* **PROBLEM DETAILS**
Your answer must be only the lines below from the one containing "Uživajte u odmoru" through the one containing "I realized that", copied exactly, with the pictures left out.

* **ENTRIES SHOWN**
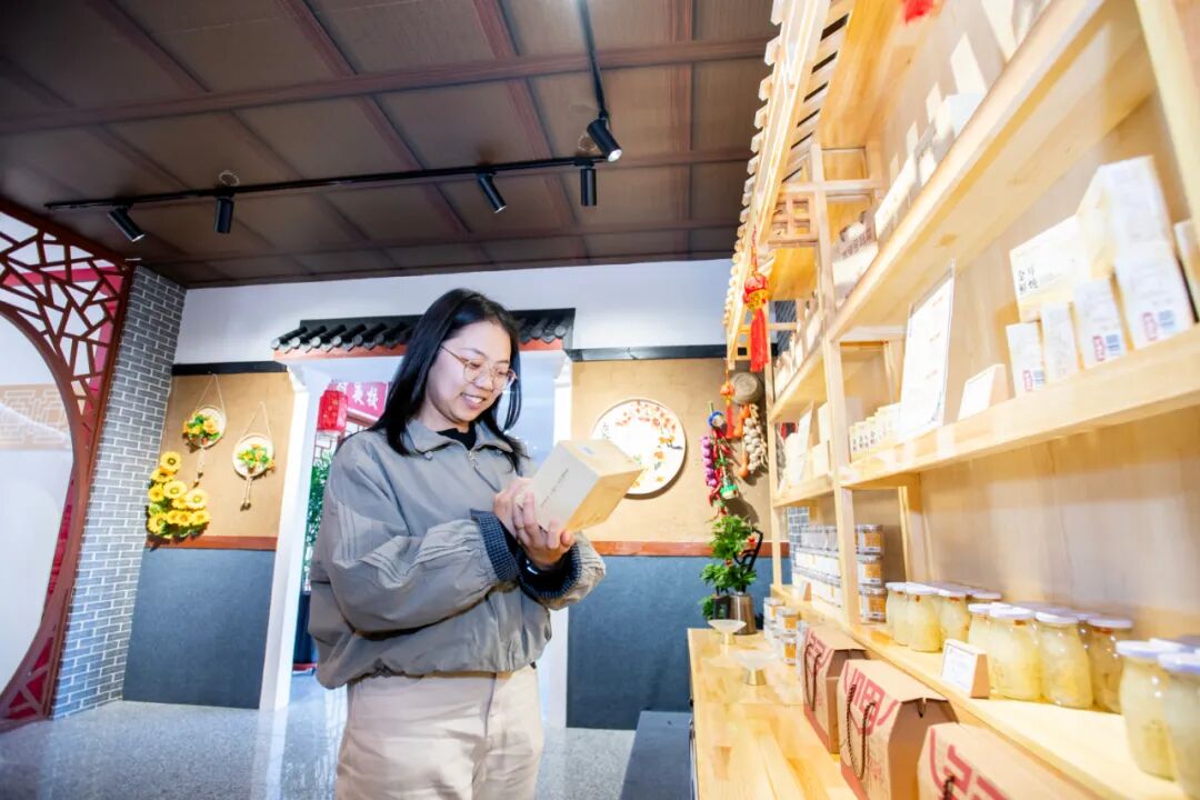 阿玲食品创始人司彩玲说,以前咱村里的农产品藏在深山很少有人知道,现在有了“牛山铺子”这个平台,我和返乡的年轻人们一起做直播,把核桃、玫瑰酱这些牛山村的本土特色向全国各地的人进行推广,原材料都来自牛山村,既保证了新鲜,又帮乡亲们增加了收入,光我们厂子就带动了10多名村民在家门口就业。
* * *
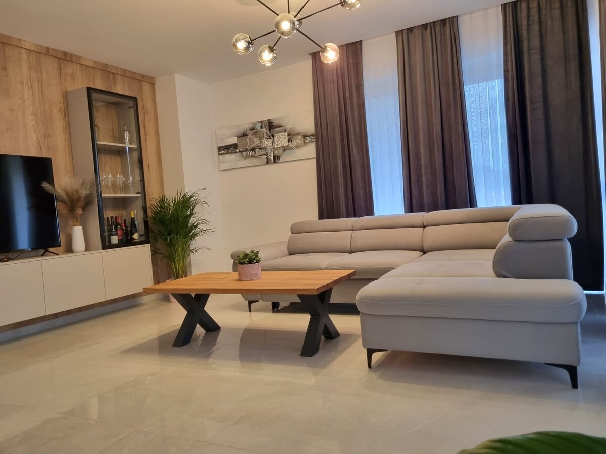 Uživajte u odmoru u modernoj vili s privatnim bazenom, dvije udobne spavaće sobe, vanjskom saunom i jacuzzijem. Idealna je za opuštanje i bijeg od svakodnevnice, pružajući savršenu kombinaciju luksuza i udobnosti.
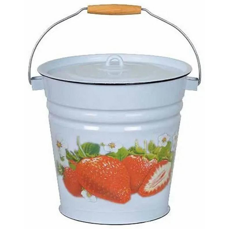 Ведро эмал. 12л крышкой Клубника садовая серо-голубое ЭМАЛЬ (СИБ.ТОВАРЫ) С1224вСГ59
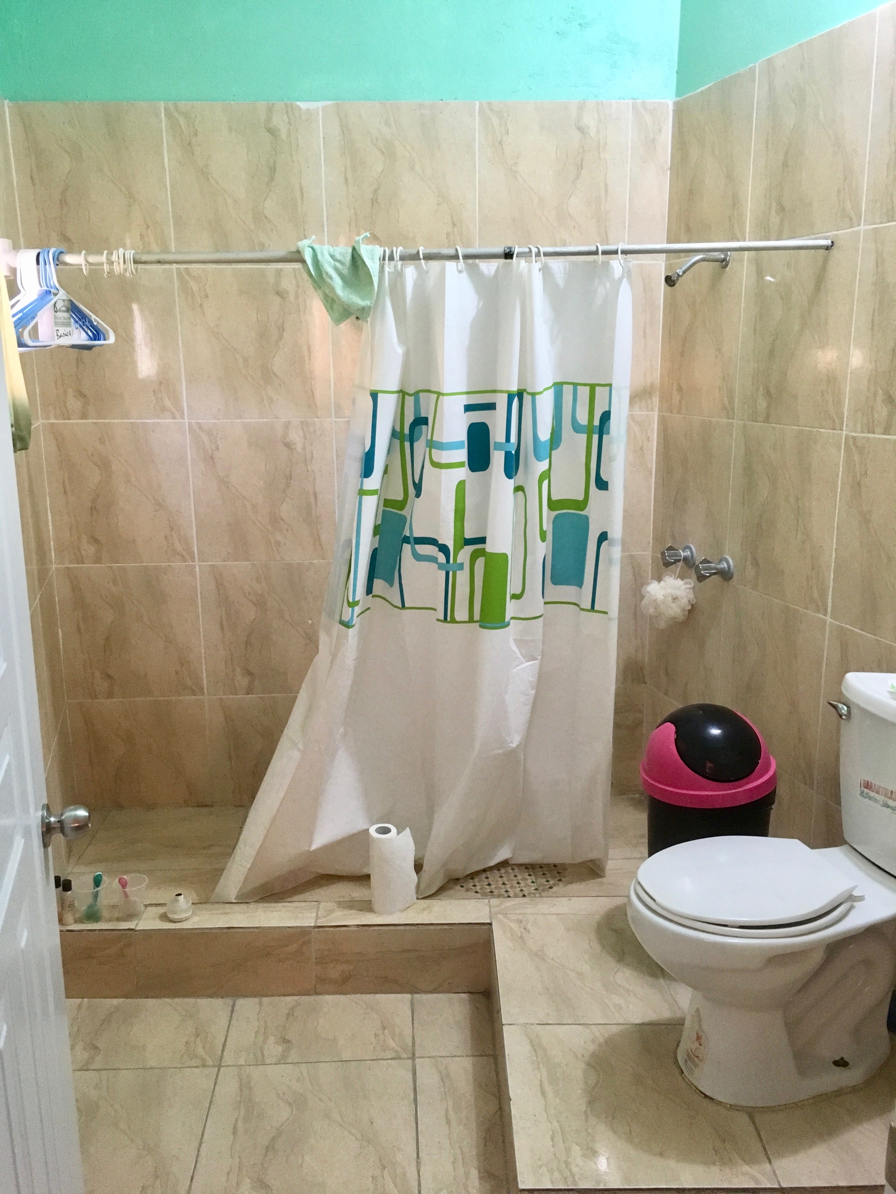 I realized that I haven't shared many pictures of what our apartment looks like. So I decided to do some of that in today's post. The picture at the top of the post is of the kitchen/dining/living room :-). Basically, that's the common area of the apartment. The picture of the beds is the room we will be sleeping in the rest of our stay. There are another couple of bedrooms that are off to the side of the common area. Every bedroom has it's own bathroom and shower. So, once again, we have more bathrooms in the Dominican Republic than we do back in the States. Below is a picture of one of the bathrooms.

* **EXERCISE RESPONSE**
 Uživajte u odmoru u modernoj vili s privatnim bazenom, dvije udobne spavaće sobe, vanjskom saunom i jacuzzijem. Idealna je za opuštanje i bijeg od svakodnevnice, pružajući savršenu kombinaciju luksuza i udobnosti.
 Ведро эмал. 12л крышкой Клубника садовая серо-голубое ЭМАЛЬ (СИБ.ТОВАРЫ) С1224вСГ59
 I realized that I haven't shared many pictures of what our apartment looks like. So I decided to do some of that in today's post. The picture at the top of the post is of the kitchen/dining/living room :-). Basically, that's the common area of the apartment. The picture of the beds is the room we will be sleeping in the rest of our stay. There are another couple of bedrooms that are off to the side of the common area. Every bedroom has it's own bathroom and shower. So, once again, we have more bathrooms in the Dominican Republic than we do back in the States. Below is a picture of one of the bathrooms.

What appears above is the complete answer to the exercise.